France has more speed cameras than UK but they are not painted yellow so you may have missed some.
Yes French aires are second to none
German roads I don't find very good bumpy and noisy and exit and entrance from autobahuns can be suicidal I used to have 3 offices in Germany so have travelled extensively their and Road works go on for ever.
Colin Frier


----------



## EJB (Aug 25, 2007)

I think the comparison is with the UK and it's a breath of fresh air.
My experience of Germany in particular is rather considerable. :wink:


----------



## 113016 (Jun 5, 2008)

*Motorhome friendly*

To be quite honest, France is the most motorhome friendly country in Europe and if you or I cant do it there,  then we cant do it anywhere


----------



## EJB (Aug 25, 2007)

I'm one of the few that has never been to France and don't intend to go!
My favourites are all the countries north of France.
In fact I've never been to Italy or Spain either :wink:


----------



## safariboy (May 1, 2005)

French roads are certainly much less crowded than UK ones, but remember that if you drove 1800 miles on Payage you will have paid more than your UK car tax.


----------



## teensvan (May 9, 2005)

We love the french motorhome way of life and their clear roads. The only places we have come across traffic jams were Bordeaux and Rouen.

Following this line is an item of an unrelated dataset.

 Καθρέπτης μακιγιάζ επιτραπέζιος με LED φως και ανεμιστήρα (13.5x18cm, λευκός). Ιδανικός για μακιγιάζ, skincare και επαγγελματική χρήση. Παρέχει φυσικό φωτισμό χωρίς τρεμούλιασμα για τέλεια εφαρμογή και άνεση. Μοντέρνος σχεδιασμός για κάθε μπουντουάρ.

steve & ann. ----------- teenavan


----------



## hmh (Jun 25, 2008)

*French roads*

To be fair to the Brits, the French have about the same population as the UK in a country around two and a half times as big - not surprising if the roads are empty!


----------



## hmh (Jun 25, 2008)

EJB said:


> I'm one of the few that has never been to France and don't intend to go!
> My favourites are all the countries north of France.
> In fact I've never been to Italy or Spain either :wink:


I'm puzzled!! If you haven't seen the others how can you assess a favourite? :blob4:


----------



## EJB (Aug 25, 2007)

Quote:-"I'm puzzled!! If you haven't seen the others how can you assess a favourite?"

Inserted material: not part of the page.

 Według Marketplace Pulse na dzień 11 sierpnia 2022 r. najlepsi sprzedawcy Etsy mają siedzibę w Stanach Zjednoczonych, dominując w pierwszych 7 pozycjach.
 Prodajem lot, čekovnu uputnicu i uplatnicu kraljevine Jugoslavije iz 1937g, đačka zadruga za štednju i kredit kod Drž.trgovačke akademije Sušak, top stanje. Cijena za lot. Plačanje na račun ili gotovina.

If you haven't been to EVERY country in the WORLD.....how can you assess a favourite?????

If you haven't owned EVERY make of car in the WORLD how can you assess a favourite?????

hmh,
I assume you have been everywhere?
I didn't even suggest that one country or another was actually my favourite....however if you really want to know...it is Denmark!  

My reasons for not visiting France...it's full of French people.
Italy......too hot.
Spain.....too hot.


----------



## Technophobe (Jul 31, 2007)

38Rover said:


> German roads I don't find very good bumpy and noisy and exit and entrance from autobahuns can be suicidal I used to have 3 offices in Germany so have travelled extensively their and Road works go on for ever.

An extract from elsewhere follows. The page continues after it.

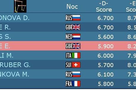 În continuare, a urmat unul dintre cele mai spectaculoase aparate din gimnastica feminină, paralele. Aici, s-a impus din nou o reprezentantă a Rusiei, Daria Spiridonova, care a cucerit aurul cu o notă de 15,466. Ea a fost urmată de britanica Rebecca Downie cu 15,233 și de olandeza Sanne Wevers cu 14,200. De altfel, Spiridonova și Downie au ocupat exact aceleași locuri în calificări, surpriza finalei venind de la gimnasta olandeză, care a urcat în finală cu a patra notă.

Couldn't agree with you more Colin - drove the length of Germany from near Brussels to the Fernpasse (Austria) and back this summer - all on Autobahns - TONS of road works and hated the uneven noisy surface - I had imagined long, straight, fast, quiet roads and was sorely disappointed - French roads (toll and non-toll) are SO much better.

Jon


----------



## hilldweller (Mar 8, 2008)

EJB said:


> I'm one of the few that has never been to France and don't intend to go!
> My favourites are all the countries north of France.
> In fact I've never been to Italy or Spain either :wink:


You poor soul, I think I may have to start a charity for you. The Society for Disadvantaged Motorhomers.


----------



## hilldweller (Mar 8, 2008)

duds said:


> We were amazed at the quality, cleanliness and frequency of the Aires


Not to mention that one can actually enjoy the food.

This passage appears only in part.